§ GOAL OF THE EXERCISE:
The expected answer is a copy of every line in the listing that has the word "Troger".

§ RECORDS TO PROCESS:
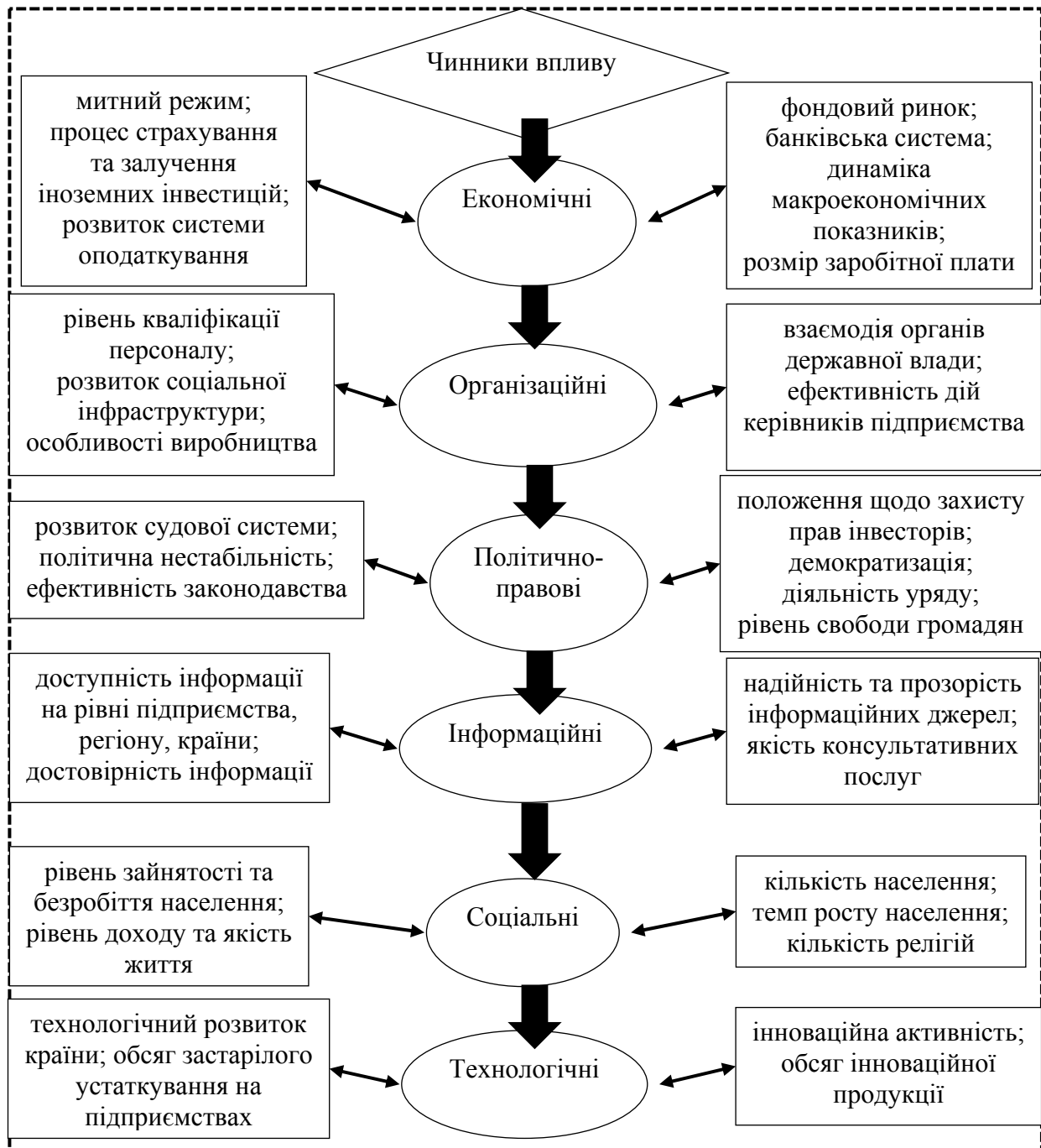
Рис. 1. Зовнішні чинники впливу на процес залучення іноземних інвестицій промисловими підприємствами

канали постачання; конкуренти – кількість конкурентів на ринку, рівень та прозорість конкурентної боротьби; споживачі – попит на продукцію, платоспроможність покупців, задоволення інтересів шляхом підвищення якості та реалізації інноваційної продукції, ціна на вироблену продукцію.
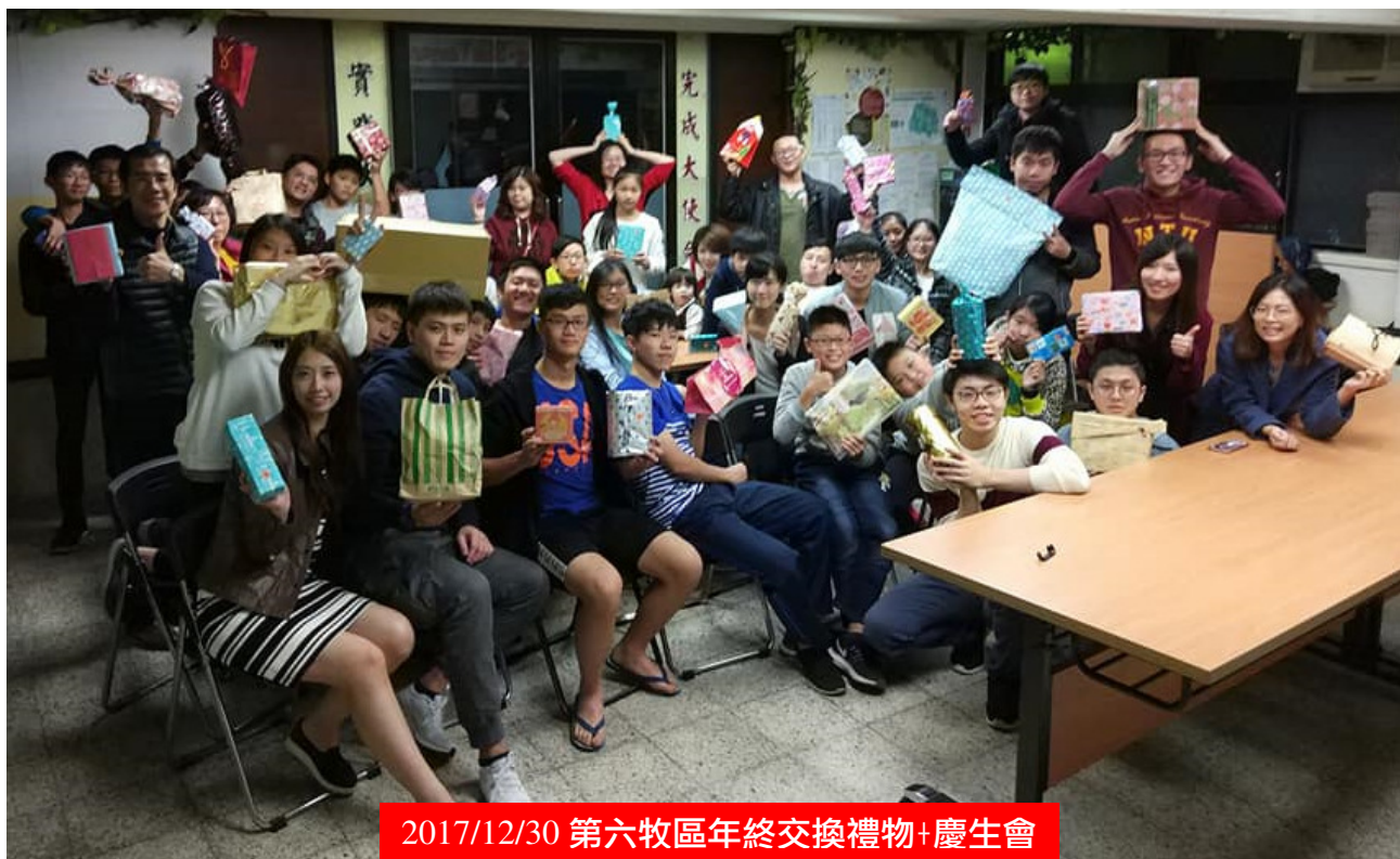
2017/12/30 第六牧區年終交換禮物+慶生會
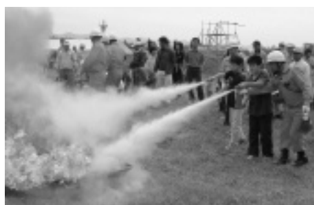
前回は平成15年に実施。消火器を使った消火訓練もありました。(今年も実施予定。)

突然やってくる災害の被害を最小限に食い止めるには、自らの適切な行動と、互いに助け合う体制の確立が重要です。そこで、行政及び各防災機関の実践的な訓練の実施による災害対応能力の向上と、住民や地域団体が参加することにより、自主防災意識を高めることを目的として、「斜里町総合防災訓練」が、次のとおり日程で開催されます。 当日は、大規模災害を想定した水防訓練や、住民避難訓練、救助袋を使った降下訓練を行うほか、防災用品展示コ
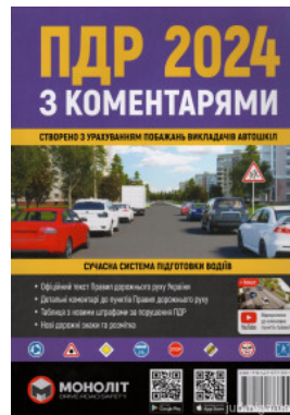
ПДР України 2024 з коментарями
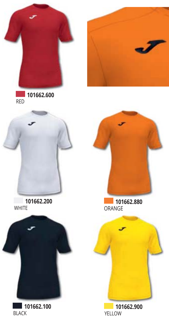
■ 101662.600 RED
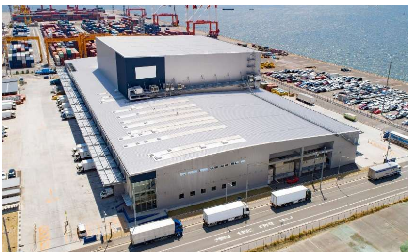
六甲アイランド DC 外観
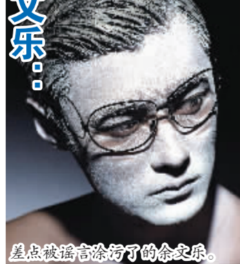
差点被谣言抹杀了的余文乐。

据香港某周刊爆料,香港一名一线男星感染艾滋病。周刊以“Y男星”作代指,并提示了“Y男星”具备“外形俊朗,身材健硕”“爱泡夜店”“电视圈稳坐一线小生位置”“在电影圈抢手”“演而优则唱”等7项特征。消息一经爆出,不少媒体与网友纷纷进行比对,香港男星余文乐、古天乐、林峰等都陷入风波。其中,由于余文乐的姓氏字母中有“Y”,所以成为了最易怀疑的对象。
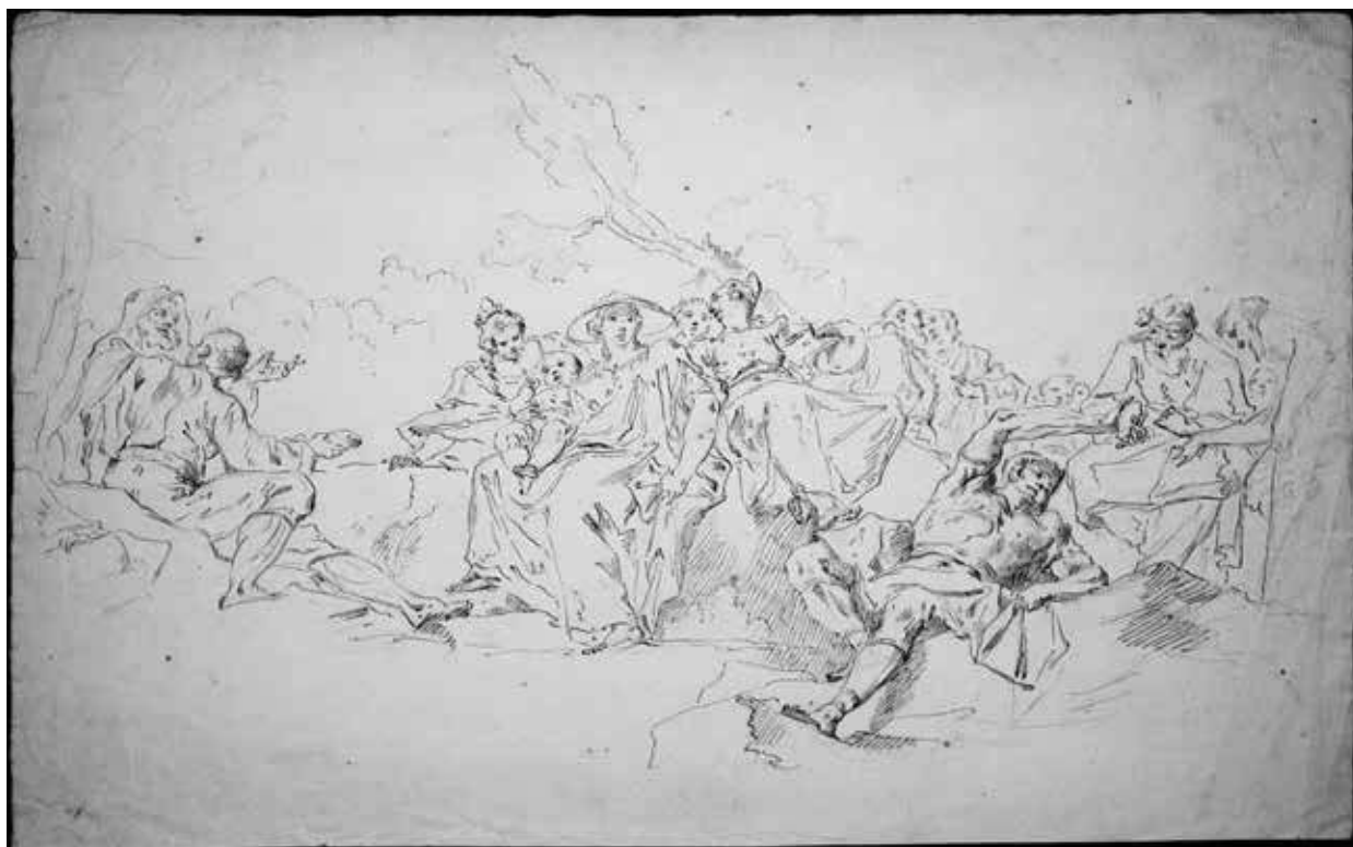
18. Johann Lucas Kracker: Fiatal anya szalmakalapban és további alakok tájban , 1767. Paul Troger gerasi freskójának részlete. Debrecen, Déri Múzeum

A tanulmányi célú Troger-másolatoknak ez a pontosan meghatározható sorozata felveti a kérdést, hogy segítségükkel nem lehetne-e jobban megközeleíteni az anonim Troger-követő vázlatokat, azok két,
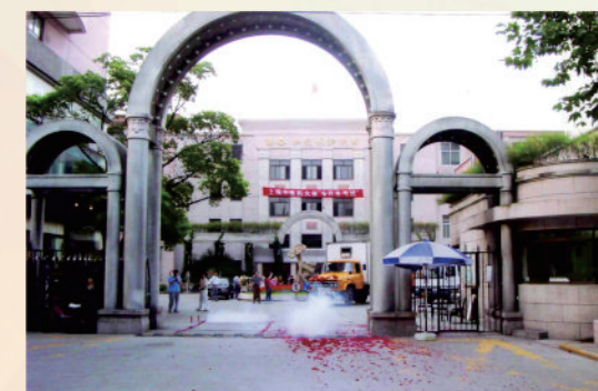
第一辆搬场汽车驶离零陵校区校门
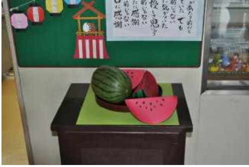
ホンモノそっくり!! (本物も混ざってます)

§ SOLUTION FOR THIS TASK:
18. Johann Lucas Kracker: Fiatal anya szalmakalapban és további alakok tájban , 1767. Paul Troger gerasi freskójának részlete. Debrecen, Déri Múzeum
A tanulmányi célú Troger-másolatoknak ez a pontosan meghatározható sorozata felveti a kérdést, hogy segítségükkel nem lehetne-e jobban megközeleíteni az anonim Troger-követő vázlatokat, azok két,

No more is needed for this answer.